§ WHAT TO WORK ON
An exact, picture-free copy of the listing is required.

§ RECORDS TO USE

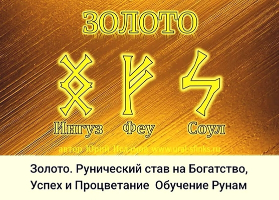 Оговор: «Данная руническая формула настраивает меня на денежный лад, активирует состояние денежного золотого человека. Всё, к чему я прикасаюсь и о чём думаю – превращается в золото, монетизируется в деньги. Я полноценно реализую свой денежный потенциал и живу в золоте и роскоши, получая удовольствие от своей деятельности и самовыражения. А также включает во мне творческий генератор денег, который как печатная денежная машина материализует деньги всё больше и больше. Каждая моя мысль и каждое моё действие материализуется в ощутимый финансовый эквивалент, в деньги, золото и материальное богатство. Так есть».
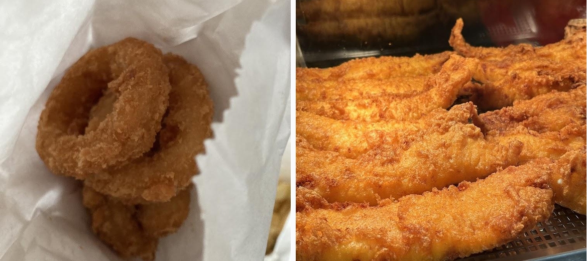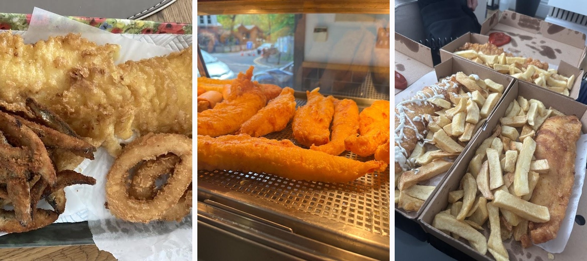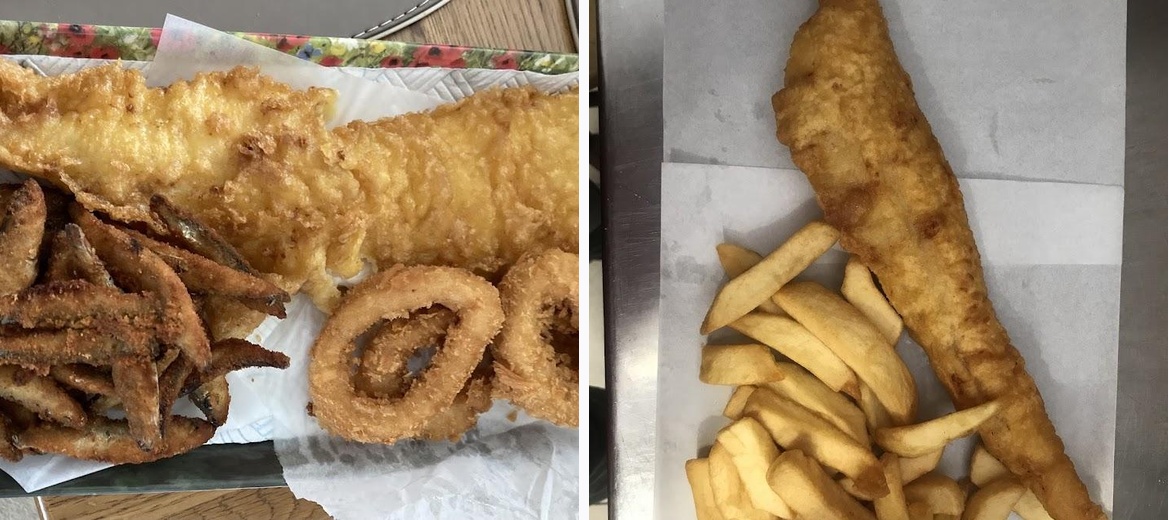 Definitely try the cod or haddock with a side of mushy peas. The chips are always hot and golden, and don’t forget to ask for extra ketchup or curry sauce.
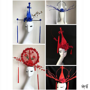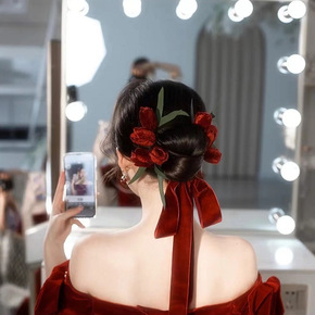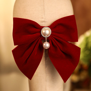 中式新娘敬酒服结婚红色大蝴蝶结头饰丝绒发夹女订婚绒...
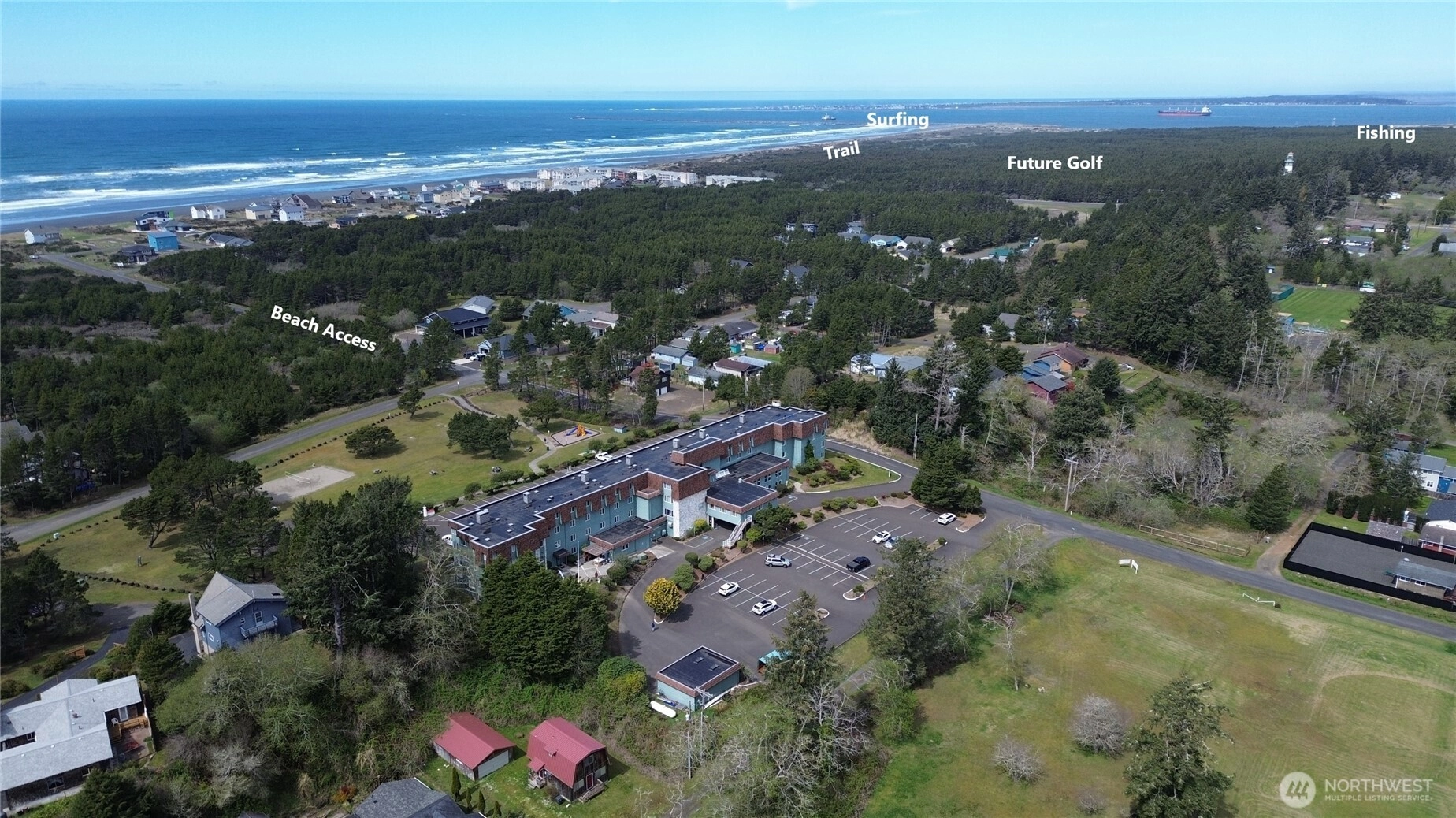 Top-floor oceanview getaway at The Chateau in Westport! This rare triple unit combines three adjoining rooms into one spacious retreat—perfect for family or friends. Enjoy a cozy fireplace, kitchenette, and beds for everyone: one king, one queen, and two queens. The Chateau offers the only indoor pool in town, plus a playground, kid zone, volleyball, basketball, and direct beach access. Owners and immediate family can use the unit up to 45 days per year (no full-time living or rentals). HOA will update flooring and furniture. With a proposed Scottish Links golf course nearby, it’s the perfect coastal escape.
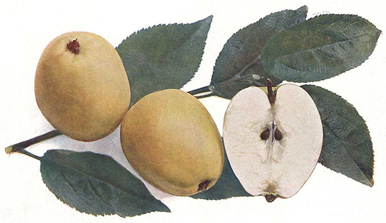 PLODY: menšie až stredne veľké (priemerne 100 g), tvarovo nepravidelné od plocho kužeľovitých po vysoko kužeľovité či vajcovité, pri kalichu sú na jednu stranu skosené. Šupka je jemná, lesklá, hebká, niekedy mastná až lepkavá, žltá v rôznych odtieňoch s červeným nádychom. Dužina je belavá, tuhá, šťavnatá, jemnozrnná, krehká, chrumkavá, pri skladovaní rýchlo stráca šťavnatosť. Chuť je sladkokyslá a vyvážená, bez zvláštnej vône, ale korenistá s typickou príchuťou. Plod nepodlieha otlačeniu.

§ RESPONSE AREA
 Оговор: «Данная руническая формула настраивает меня на денежный лад, активирует состояние денежного золотого человека. Всё, к чему я прикасаюсь и о чём думаю – превращается в золото, монетизируется в деньги. Я полноценно реализую свой денежный потенциал и живу в золоте и роскоши, получая удовольствие от своей деятельности и самовыражения. А также включает во мне творческий генератор денег, который как печатная денежная машина материализует деньги всё больше и больше. Каждая моя мысль и каждое моё действие материализуется в ощутимый финансовый эквивалент, в деньги, золото и материальное богатство. Так есть».
 Definitely try the cod or haddock with a side of mushy peas. The chips are always hot and golden, and don’t forget to ask for extra ketchup or curry sauce.
 中式新娘敬酒服结婚红色大蝴蝶结头饰丝绒发夹女订婚绒...
 Top-floor oceanview getaway at The Chateau in Westport! This rare triple unit combines three adjoining rooms into one spacious retreat—perfect for family or friends. Enjoy a cozy fireplace, kitchenette, and beds for everyone: one king, one queen, and two queens. The Chateau offers the only indoor pool in town, plus a playground, kid zone, volleyball, basketball, and direct beach access. Owners and immediate family can use the unit up to 45 days per year (no full-time living or rentals). HOA will update flooring and furniture. With a proposed Scottish Links golf course nearby, it’s the perfect coastal escape.
 PLODY: menšie až stredne veľké (priemerne 100 g), tvarovo nepravidelné od plocho kužeľovitých po vysoko kužeľovité či vajcovité, pri kalichu sú na jednu stranu skosené. Šupka je jemná, lesklá, hebká, niekedy mastná až lepkavá, žltá v rôznych odtieňoch s červeným nádychom. Dužina je belavá, tuhá, šťavnatá, jemnozrnná, krehká, chrumkavá, pri skladovaní rýchlo stráca šťavnatosť. Chuť je sladkokyslá a vyvážená, bez zvláštnej vône, ale korenistá s typickou príchuťou. Plod nepodlieha otlačeniu.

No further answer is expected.